Really, Neil? He hates women and brown people? On what do you base this ugly, nasty, ad hominem attack? What facts to you have to back up such an ugly smear. Was it this? Or maybe this? What about this? And this? It seems to me that it’s very obvious that the facts are in diametric opposition to your position that “he hates … brown people.”
Neil, aren’t you the guy who wrote lyrics decrying those “people who judge without a measure of mercy”? If you truly believe that, then why are you tarring someone with ugly, baseless accusations of racism and sexism? That looks like a textbook definition of judging without a measure of mercy.
You also wrote about those people who were “quick to judge, quick to anger, slow to understand.” And yet here you are joining such a crowd, as evidenced by your failure (or unwillingness) to consider any facts that contradicted your position, such as those linked above. Instead of thoughtful criticism, you go straight for the lowest common denominator. As a somewhat newly minted American citizen, congratulations – you’ll fit right in with the prevailing mode of political discourse in this country (insert slow, sarcastic clap here).

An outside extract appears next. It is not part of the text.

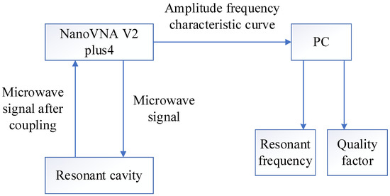 The experimental setup is shown in Figure 1. In this experiment, a self-designed microwave coaxial resonator was used as the measurement sensor. The resonator sensor was connected to the NanoVNA V2 Plus4 vector network analyzer by two coaxial cables (A-info SM-SM-SFD147A, DC-18GHz). The analyzer was developed by HCXQS in collaboration with OwOComm. The frequency of the analyzer ranged from 50 kHz to 4.4 GHz, the frequency resolution was 1 Hz, and the power resolution was 0.01 dB. The analyzer was directly connected to a personal computer by a LAN cable. The data were displayed on the NanoVNA-QT and collected using MATLAB. In the test, the analyzer was operated in the network analyzer mode at a frequency of 2.0–2.45 GHz with 2000 sampling points. The calibration method known as SOLT(T/R) was adopted, in which calibration was performed at the port 1 and port 2 connectors. During the test, the open end of the sensor was completely immersed in the syrup. The working principle of the experimental platform is shown in Figure 2.
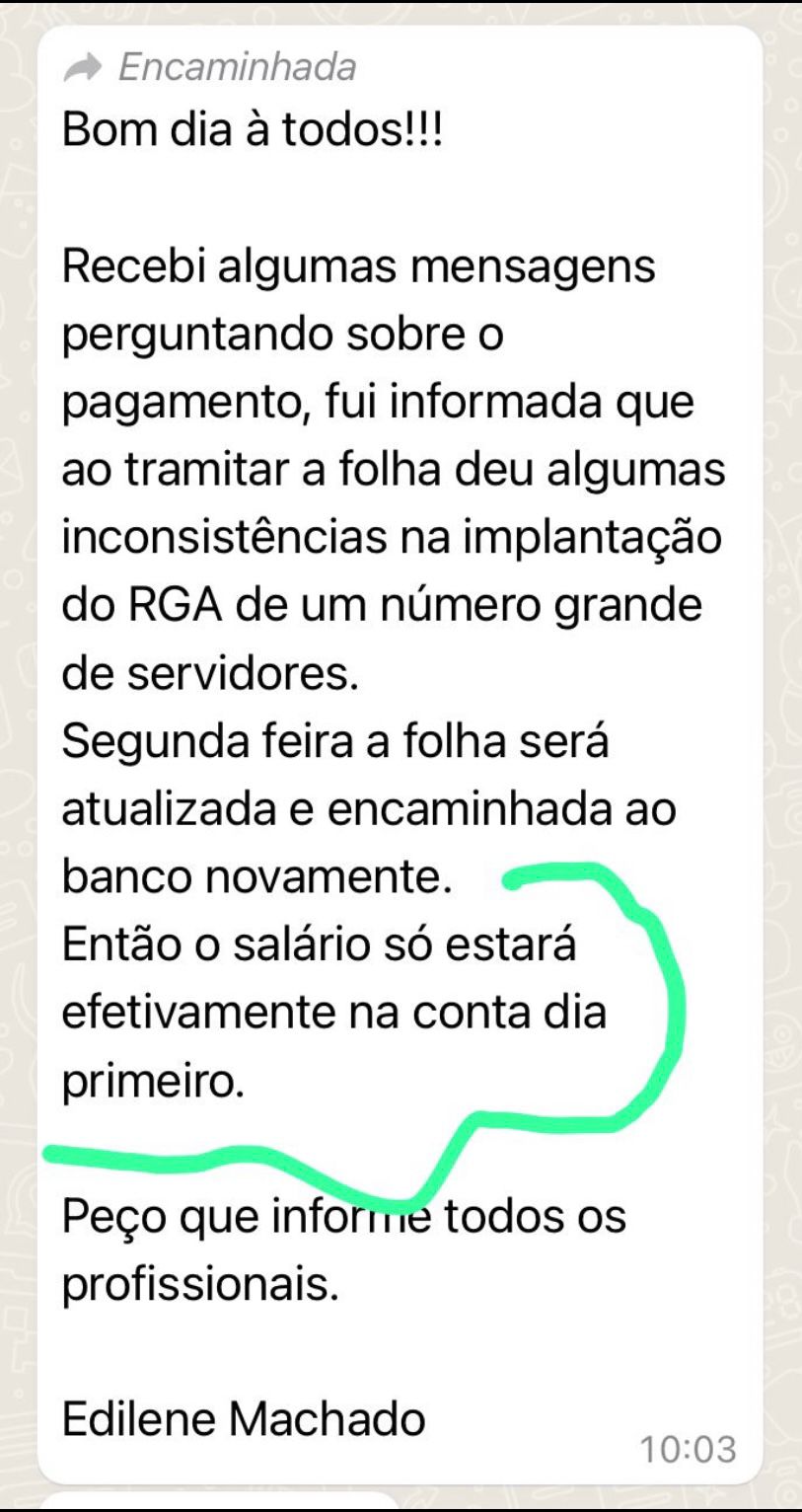Em nota atribuída à secretária de Educação do Município, Edilene de Souza Machado, há a informação de que ao tramitar a folha no sistema de pagamento, houve inconsistências na implantação da RGA (Revisão Geral Anual). O pagamento de 3% da RGA foi prometida para esse mês.

The songs “Wish Them Well” and “Witch Hunt” from which lyrics in the previous two paragraphs were derived would encourage the thoughtful listener to take the high road. Your baseless, race-baiting smear is taking the low road all the way. Honestly, I thought you were better than that. That kind of rhetoric is the type of crap I would expect from the various poo-flinging talking heads if I had the stomach to watch Fox News, MSNBC, or some other televised food fight. If there is one positive, at least you’ve given me another reason to be thankful that I’m a cord-cutter.
I wouldn’t feel any different about this if you had made a preposterous statement that Obama was born in Kenya, or an equally preposterous statement that Hillary hates men. Neither of those two people has a snowball’s chance in hell of making my favorite persons list. And still, I’d think anyone who uttered such things in seriousness would be guilty of the most baseless and ugly smearing as you are in regard to your statements about Paul. Unsubstantiated accusations of racism and sexism are no better than racism and sexism itself.

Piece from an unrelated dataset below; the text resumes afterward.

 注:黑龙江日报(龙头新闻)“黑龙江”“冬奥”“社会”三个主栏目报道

Look, I’m fine if you don’t like Rand Paul, or any other politician for that matter – after all, 99% of politicians give the rest a bad name. While there are things about him I like, there are others that give me great pause. As for me, my clear frontrunner is SMOD ’16 (Sweet Meteor of Death). But don’t mind me, when it comes to politics I’m one of the most cynical people around. I take exception to Ronald Reagan’s statement that, as the world’s second oldest profession, it bears a remarkable resemblance to the first, as I think such sentiments grossly unfair to oldest profession practicioners.

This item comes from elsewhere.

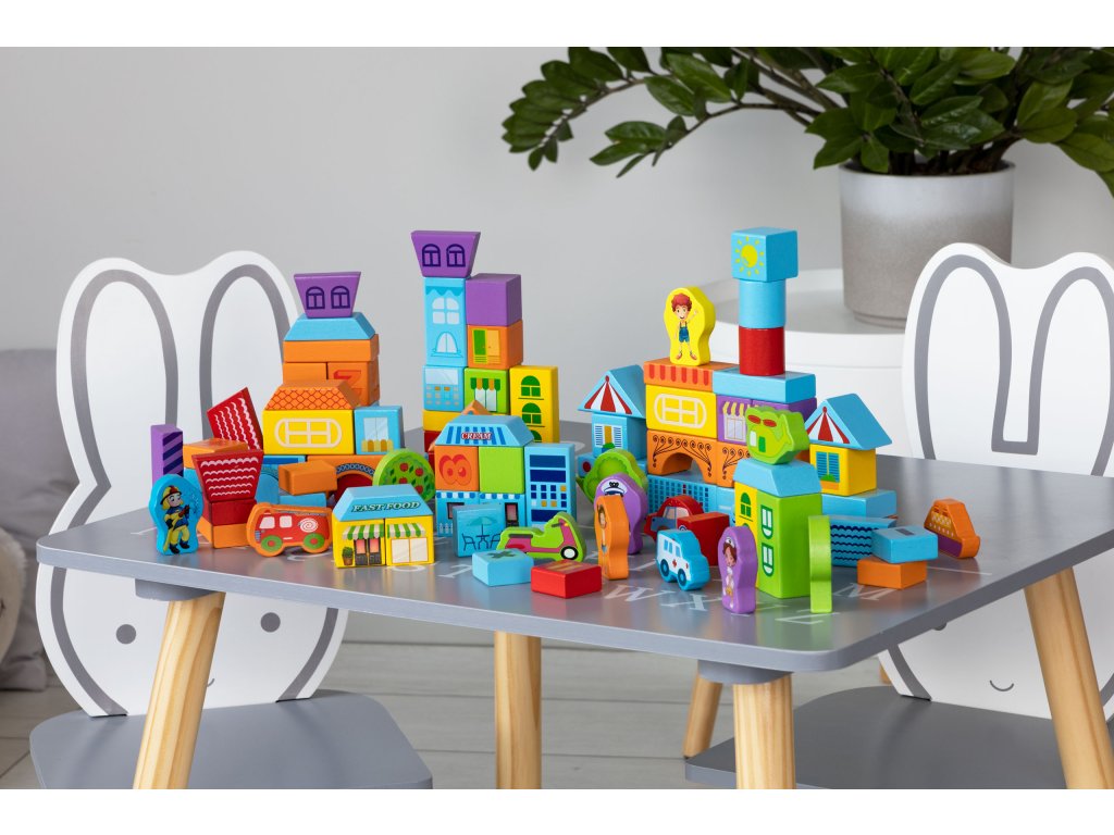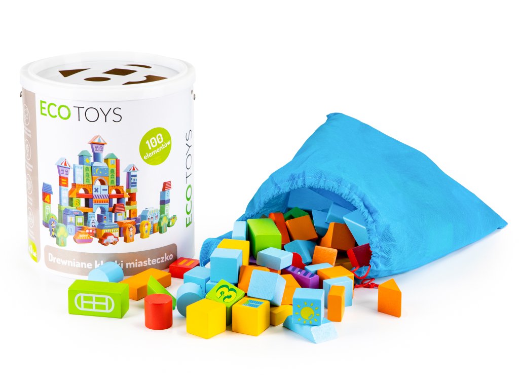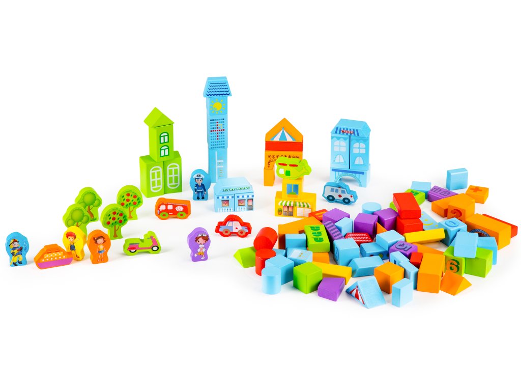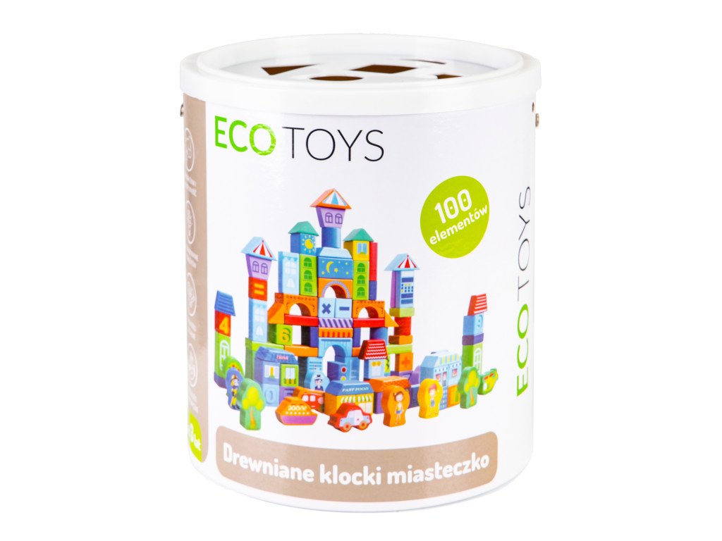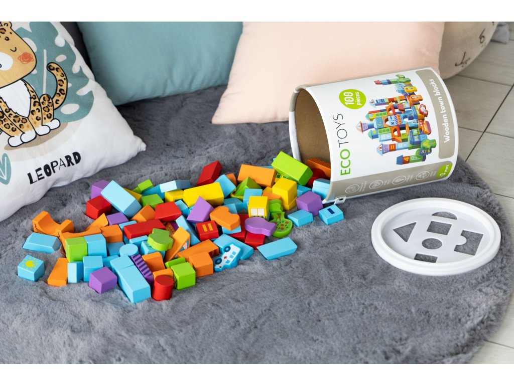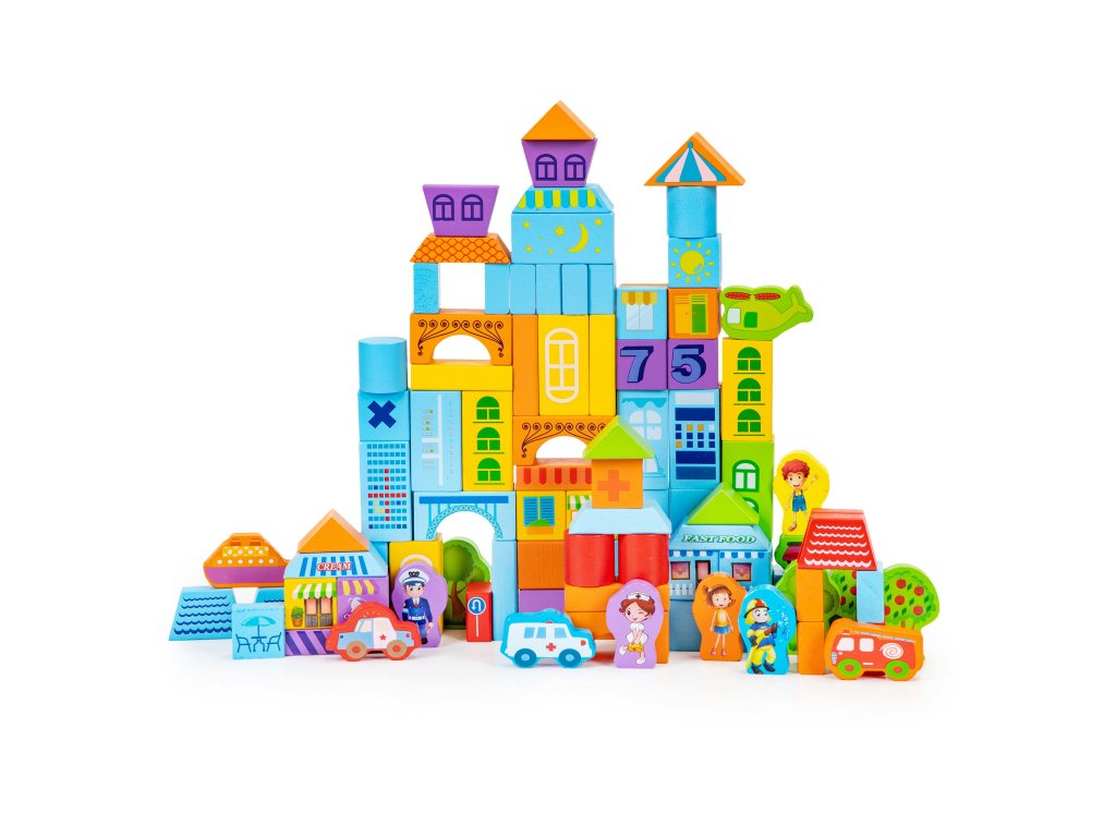 Vzdělávací dřevěné kostky město 100 ks třídič ECOTOYS

Still, I can’t help but be disappointed when I think about the example you’ve set and I’ve attempted to follow (poorly, often times, but hey, I try) through your lyrics and through the unshakable artistic integrity of you and your bandmates. As you well know, “The measure of a life is a measure of love and respect, so hard to earn so easily burned.” Reading through the comments section of the Rolling Stone piece online, I can see that I’m not the only one for whom you’ve burned some of that respect.
With regard to the craft of drumming, I know you have a great deal of humility. It’s a necessity for any drummer of your caliber to insist that he still needs to take lessons from others like Freddie Gruber. Perhaps you could let some of that humility bleed over into other spheres. If you do, maybe you’ll realize that there are ways to express political disagreement with those you oppose without descending into mud of ugly, baseless accusations of racism and sexism. Maybe you’ll realize that, whatever you think about Paul’s policy proposals, it’s completely unnecessary and counterproductive to accuse him of hating brown people and women, particularly when there are easily verifiable facts that say the exact opposite. Maybe, even you could get in touch with the man who wrote these words:
A quality of justice
A quantity of light
A particle of mercy
Makes the color of right
Erik A. Heter
Rush Fan since 1979 and at least until the day I die.